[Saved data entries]
____________

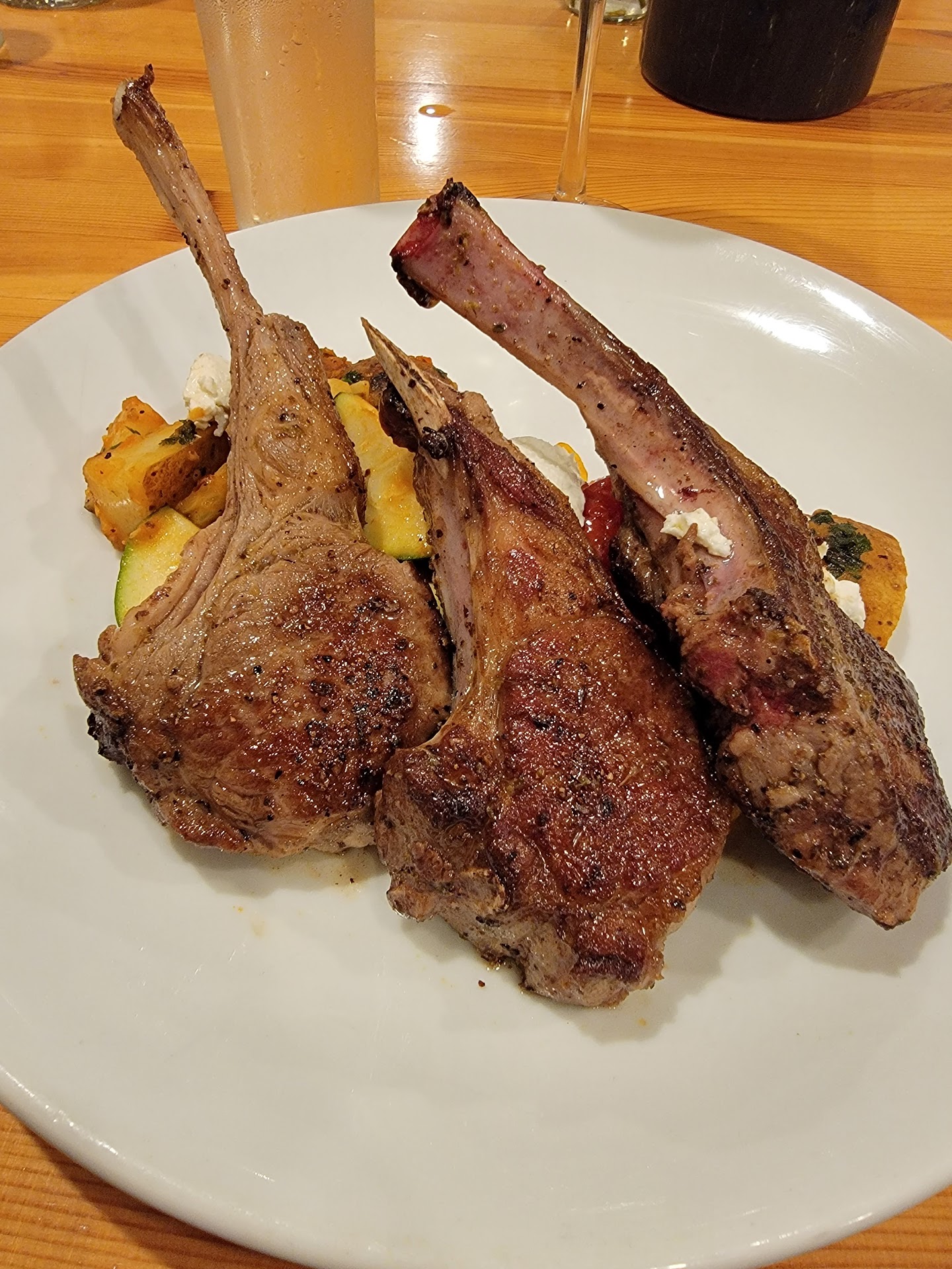 My lamb "chops" (misleading, given that you are served a single t-bone chop) was adequately seasoned and correctly prepared to temperature, but was maybe half an inch thick. Puny, given the $35 price tag. Seven to ten bites and suddenly you're circling the edges of the bare bones, hoping that you somehow missed a spot. They skimped big time on the mint chimichurri, too, treating it more like a perfunctory parsley garnish rather than a complement to the lamb. It's lamb! Make with the mint!
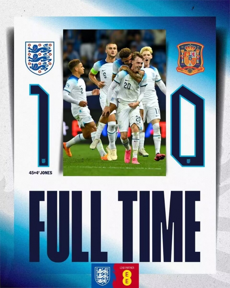 第47分钟,英格兰打破僵局!右路定位球机会,帕尔默直接打门打在柯蒂斯-琼斯上反弹破门,英格兰国青1-0西班牙国青。↓
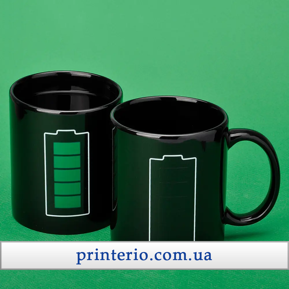 Кружка для сублимации Sublime ХАМЕЛЕОН Батарейка с вашим лого черная 330 мл
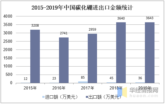 2015-2019年中國碳化硼進出口金額統(tǒng)計
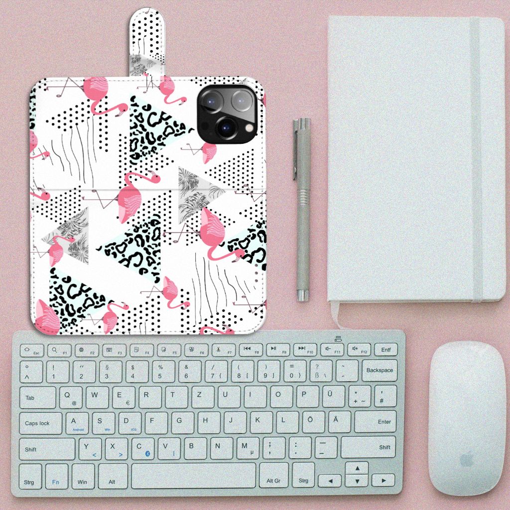iPhone 14 Pro Max Telefoonhoesje met magnetische lipje als sluiting Flamingo Triangle
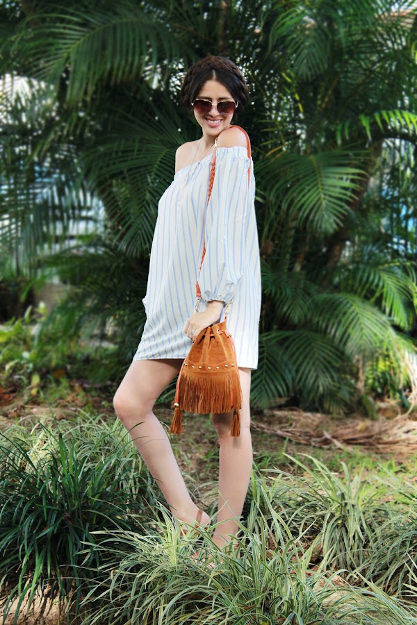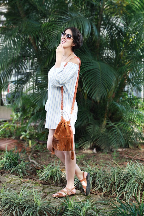 Este vestido estilo pijama me encanta, es súper cómodo y perfecto para días calurosos. Decidí usarlo de manera muy simple para darle todo el protagonismo a esta prenda, sandalias básicas, un bolso de flecos en tonos tierra, colar largo. lentes para el calor y por supuesto un peinado que contraste con todo el estilo. Estas trenzas las aprendí a hacer hace poco y se ha vuelto uno de mis looks favoritos para los días en donde el sol no me deja vivir jajaja.
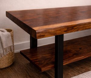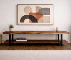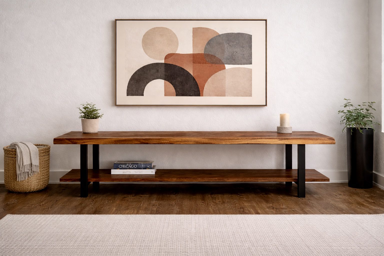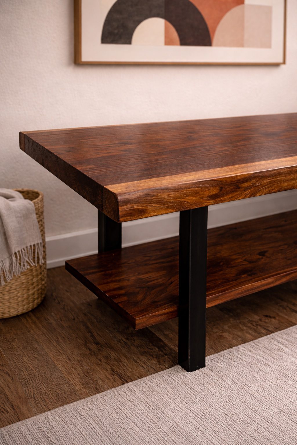 Crafted from solid hardwood, the live edge top preserves the organic contour of the tree — highlighting the unique grain, movement, and individuality of each slab. Paired with clean steel legs and a lower shelf for added function, the design balances raw texture with architectural structure.
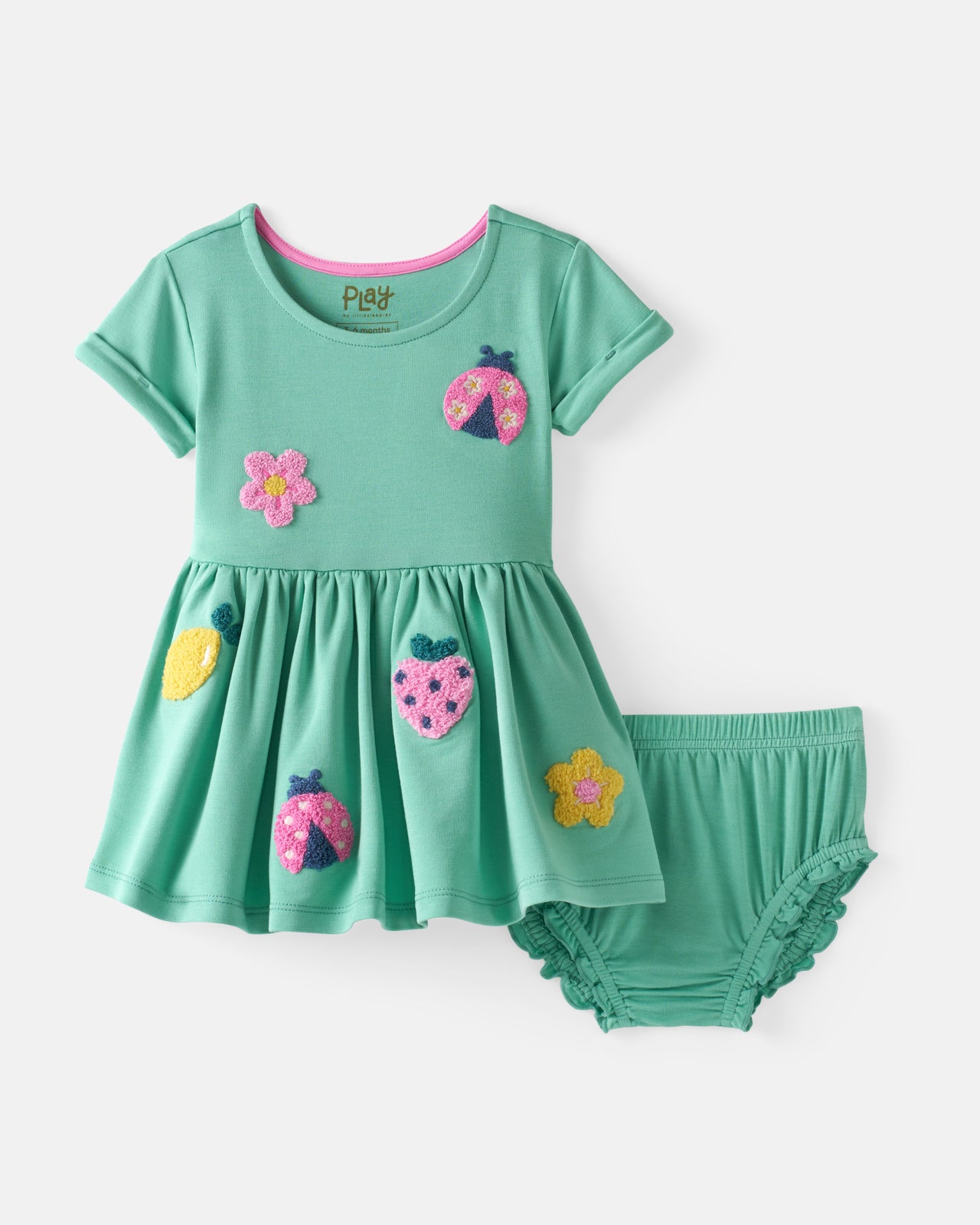 All the spring things! The Garden Party Short Sleeve Dress with Bloomer features ladybugs. strawberries. lemons. and flower appliqués on a fresh jade green. Made from durable Soluxe® Bamboo. this toddler dress includes a matching bloomer for easy diaper coverage. So sweet for sibling matching!

____________

Your task: Exercise for the records above: copy only the lines from the one with "2015-2019年中國碳化硼進出口金額統(tǒng)計" to the one with "Crafted from solid", both ends kept, and drop the pictures.

Reply to the task:
 2015-2019年中國碳化硼進出口金額統(tǒng)計
iPhone 14 Pro Max Telefoonhoesje met magnetische lipje als sluiting Flamingo Triangle
 Este vestido estilo pijama me encanta, es súper cómodo y perfecto para días calurosos. Decidí usarlo de manera muy simple para darle todo el protagonismo a esta prenda, sandalias básicas, un bolso de flecos en tonos tierra, colar largo. lentes para el calor y por supuesto un peinado que contraste con todo el estilo. Estas trenzas las aprendí a hacer hace poco y se ha vuelto uno de mis looks favoritos para los días en donde el sol no me deja vivir jajaja.
 Crafted from solid hardwood, the live edge top preserves the organic contour of the tree — highlighting the unique grain, movement, and individuality of each slab. Paired with clean steel legs and a lower shelf for added function, the design balances raw texture with architectural structure.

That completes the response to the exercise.